Vladimir Ilyich Lenin

TO N. OSINSKY


Published: First published in part on February 17, 1956 in Pravda No. 48. Published in full on April 22, 1956 in Pravda No. 113. Printed from the original.
Source: Lenin Collected Works, Progress Publishers, 1971, Moscow, Volume 36, pages 578-579.
Translated: Andrew Rothstein
Transcription\Markup: R. Cymbala
Public Domain: Lenin Internet Archive.   You may freely copy, distribute, display and perform this work, as well as make derivative and commercial works. Please credit “Marxists Internet Archive” as your source.


Copies to
1) The Editorial Board of Pravda
2) Comrade Steklov
3) Rykov and Tsyurupa

April 12, 1922

Comrade Osinsky,

I very much welcome your article in today’s Pravda: “New Data from Local Experience”. It is just such articles that we need most of all, and I think that every People’s Commissariat ought to “provide itself” with a publicist (very closely connected with the work of the People’s Commissariat and the People’s Commissar) to make such reviews.

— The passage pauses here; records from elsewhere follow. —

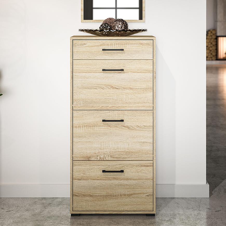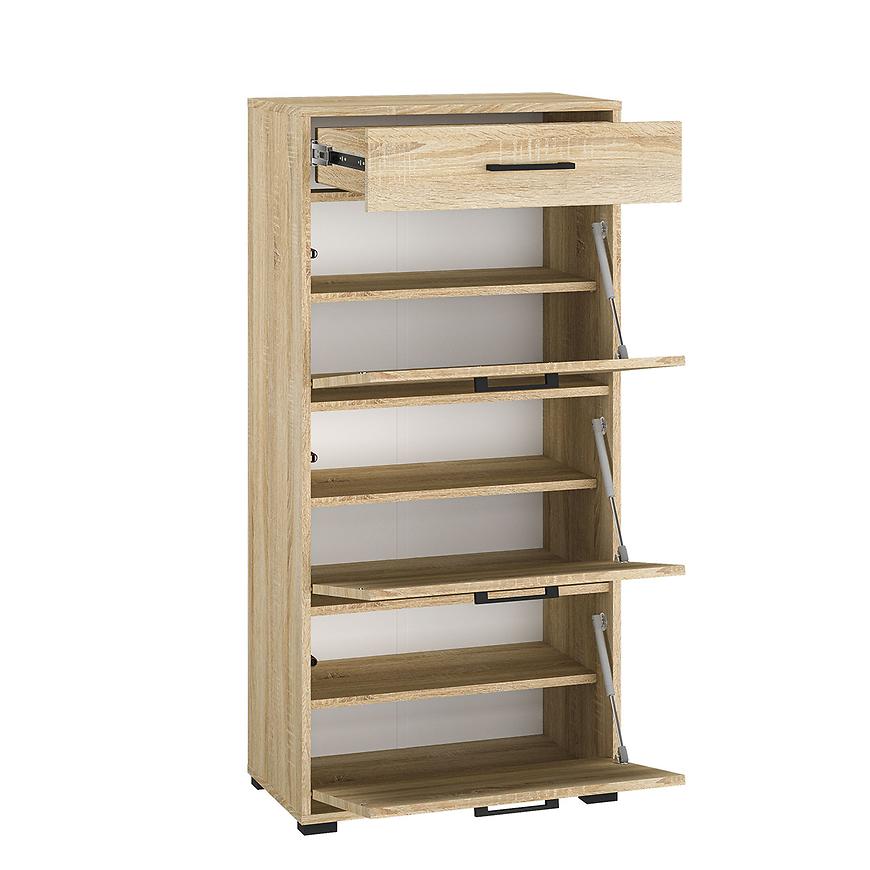 Kolor dąb sonoma nadaje szafce naturalnego, ciepłego charakteru, jednocześnie harmonizując z różnymi stylami aranżacyjnymi. Konstrukcja oparta na płycie wiórowej laminowanej gwarantuje solidność i trwałość mebla, co sprawia, że szafka na buty Caro będzie służyć przez wiele lat.
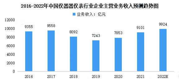 目前,我國(guó)儀器儀表行業(yè)的產(chǎn)品門類、品種比較齊全,布局較為合理,且已具備可觀的技術(shù)基礎(chǔ)和生產(chǎn)規(guī)模。數(shù)據(jù)顯示,我國(guó)儀器儀表行業(yè)企業(yè)主營(yíng)業(yè)務(wù)收入在2016年-2017年小幅增長(zhǎng)后下降至2019年的7243億元,在2019-2021年呈增長(zhǎng)趨勢(shì)。隨著節(jié)能降耗、民生產(chǎn)業(yè)、戰(zhàn)略性新興產(chǎn)業(yè)的持續(xù)發(fā)展以及國(guó)家對(duì)食品安全和環(huán)境保護(hù)的重視程度加大,為我國(guó)儀器儀表行業(yè)帶來(lái)了新的機(jī)遇。中商產(chǎn)業(yè)研究院預(yù)測(cè),2022年我國(guó)儀器儀表行業(yè)企業(yè)主營(yíng)業(yè)務(wù)收入將達(dá)9924億元。
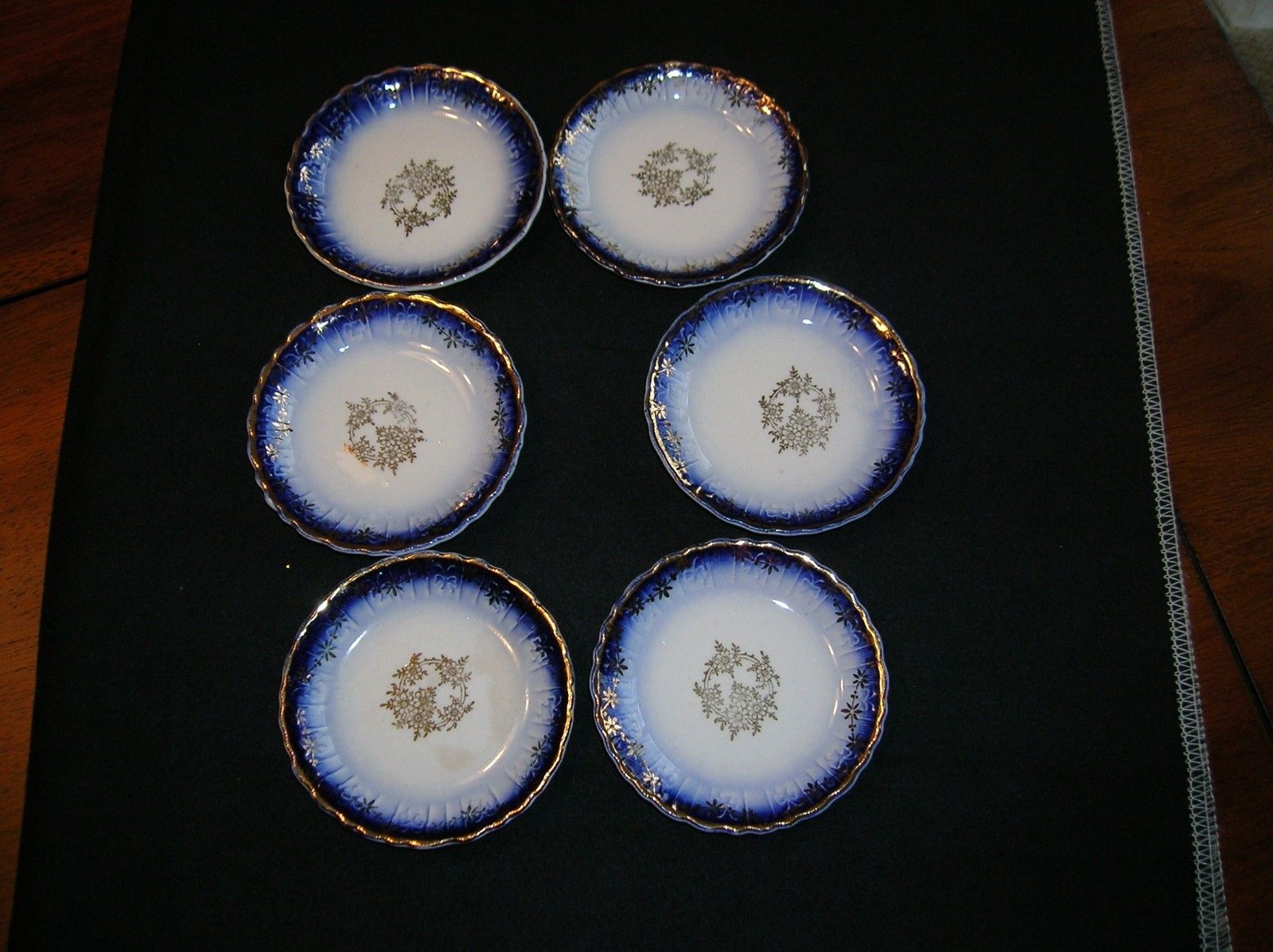 6 ANTIQUE FLOW BLUE PORCELAIN BUTTER PATS COBALT ON WHITE GOLD TRIM FLOWER 3"
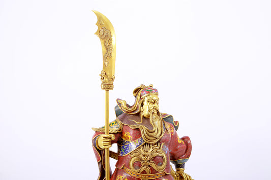 A majestic cloisonné statue of Guan Gong
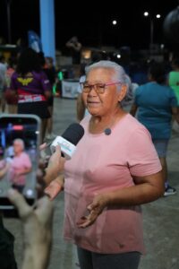 Com muita animação e energia, a aposentada Elizabeth Moura, de 73 anos, também participou do aulão. Para ela, manter-se ativa é essencial para uma vida longa e saudável.
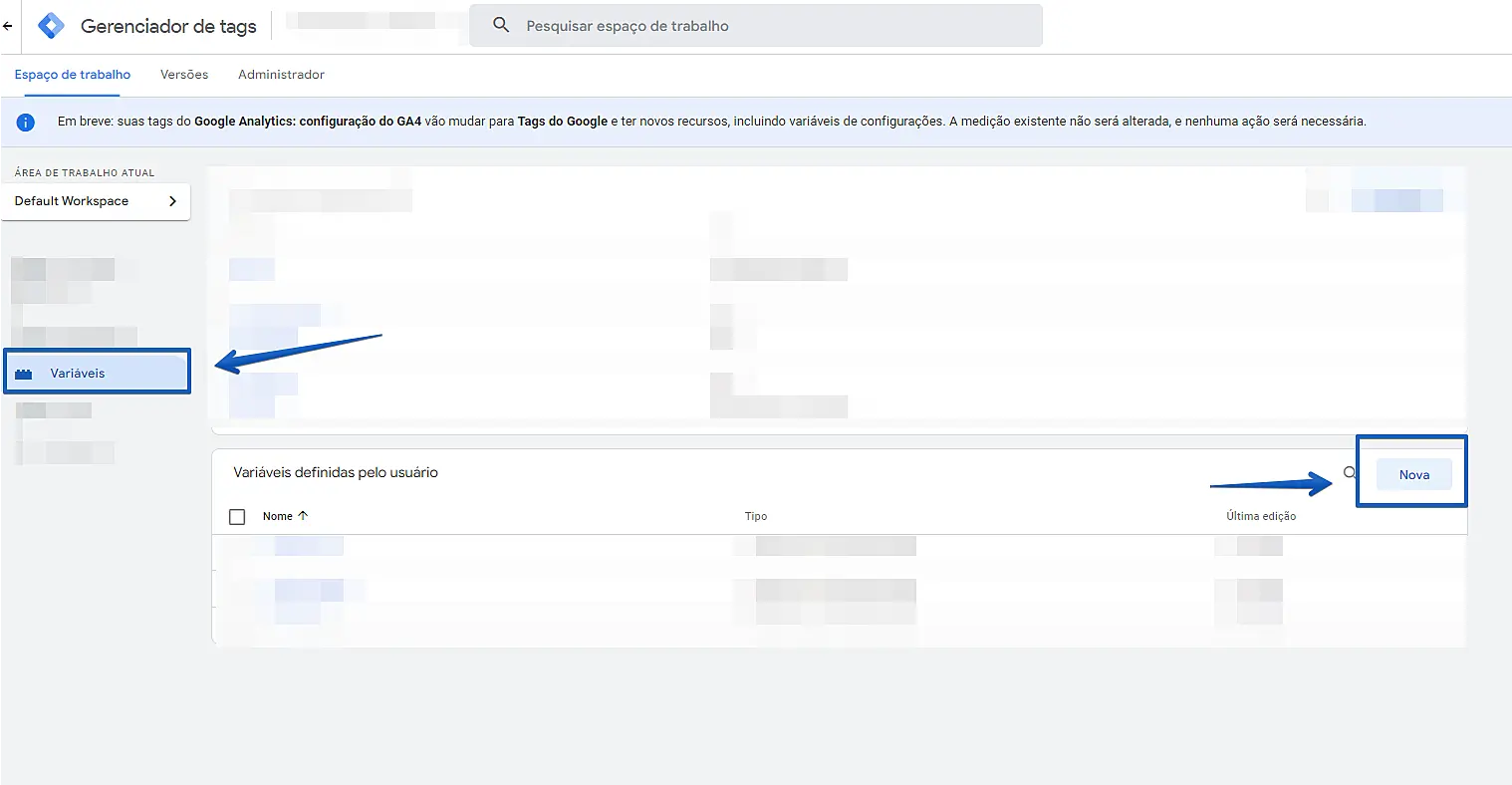 Em seguida, vá em "Variáveis" e clique em "Novo"
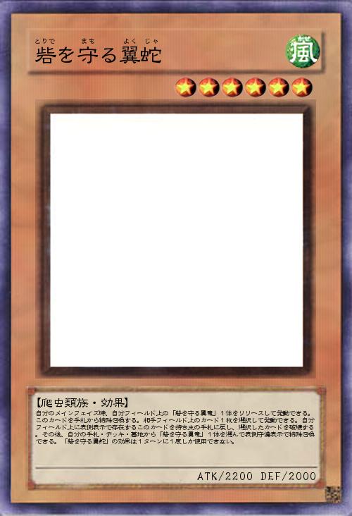 「上級モンスターは場に出たり戻ったりできるようにしました。この翼蛇は翼竜と入れ替わります。(蛇と竜は似てるので。)また、体内の毒で相手カードを葬ります。」(2013-07-07 10:57)
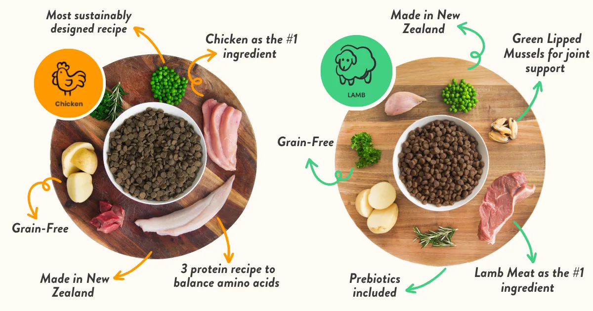Chicken is the number 1 ingredient. Wild caught NZ fish and grass fed NZ beef help provide all the essential amino acids a thriving dog needs.
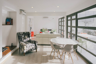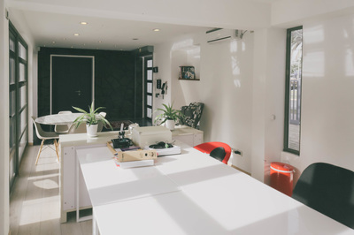 Superficie: 204 / 376 m2 Proyecto: Andrea Saleh , Salomón Barahona Año Construcción: 2013 - 2014 El proyecto consistió en la selección de una propiedad y su posterior rehabilitación y ampliación para ser usada como oficina. Se eligió una vivienda habitacional en mal estado pero con gran potencial en términos de iluminación, distribución interior, ubicación y visibilidad. Se realizó un estudio para la sociedad inversionista de manera que el proyecto se amoldara a las necesidades del mercado y fuese rentable para su arriendo con un uso lo más libre posible.
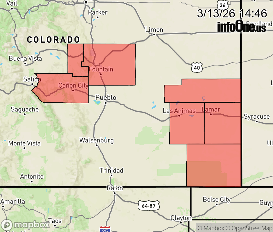 Canceled 3/13/26 9:58 PM Red Flag Warning issued March 13 at 12:44PM MDT until March 14 at 10:00PM MDT by NWS Pueblo CO * AFFECTED AREA... Fire Weather Zones 221, 234, 235, 236 and 237. * WINDS... Southwest 15 to 25 mph with gusts up to 55 mph. * RELATIVE HUMIDITY... For 221, As low as 13 percent. For Zones 234 through 237, As low as 9 percent. * IMPACTS... Extreme fire danger is expected. Fires could uncontrollably spread and be very destructive. ![]() |
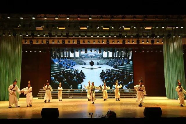 在第二环节中,崇德书院深抓历史教育经典这一核心,别出心裁的编排出舞蹈《求学路》。半部论语治天下,孔子之道是大国经典,舞蹈分为学子求学、孔子教学、学子出师三部分,台上少年手拿竹简,身着古装,举手投足间尽是儒雅,低头沉吟的样子一如先人圣贤就在舞台之上,与先人来个时空穿梭的对话。朗朗书声和着舞者们曼妙身姿,带给观众们的不仅是一次心灵的洗礼,更是一次艺术的熏陶。
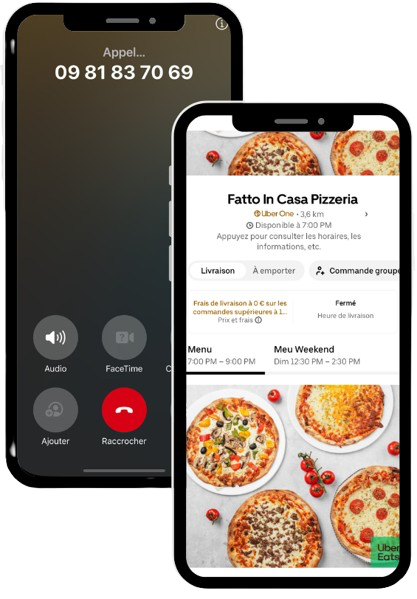 Vous pouvez commander par telephone au ou directement par l'application Uber Eat: Fatto In Casa
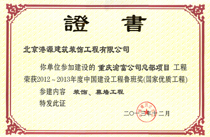 魯班獎(jiǎng)——重慶渝富公司
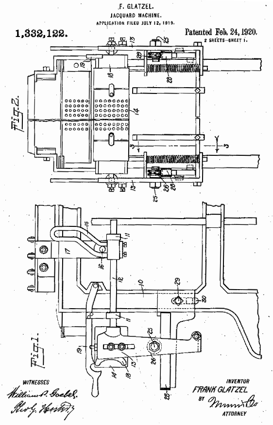 Jacquard Machine, US01332122, Glatzel, F., February 24, 1920, 4 pages. Posted October 30, 2002. CD (HWDA10). SAMPLE PAGE. File size 676 KB PDF
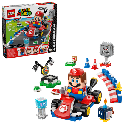 - Collectible Nintendo® LEGO® sets – Explore the LEGO® Super Mario™: Mario Kart™ range (sets sold separately) and find other toy vehicles and characters to race against and create stories with

The worst of our features is an excess of general disquisitions in the press, and political prattle with an extreme lack of study of local experience. Both in the provinces and in the centre, powerful tendencies resist its truthful publicity and truthful evaluation. They are afraid of washing dirty linen in public, afraid of the naked truth, and brush it aside with a meaningful glance, taking a superficial attitude, as Comrade Trotsky correctly said.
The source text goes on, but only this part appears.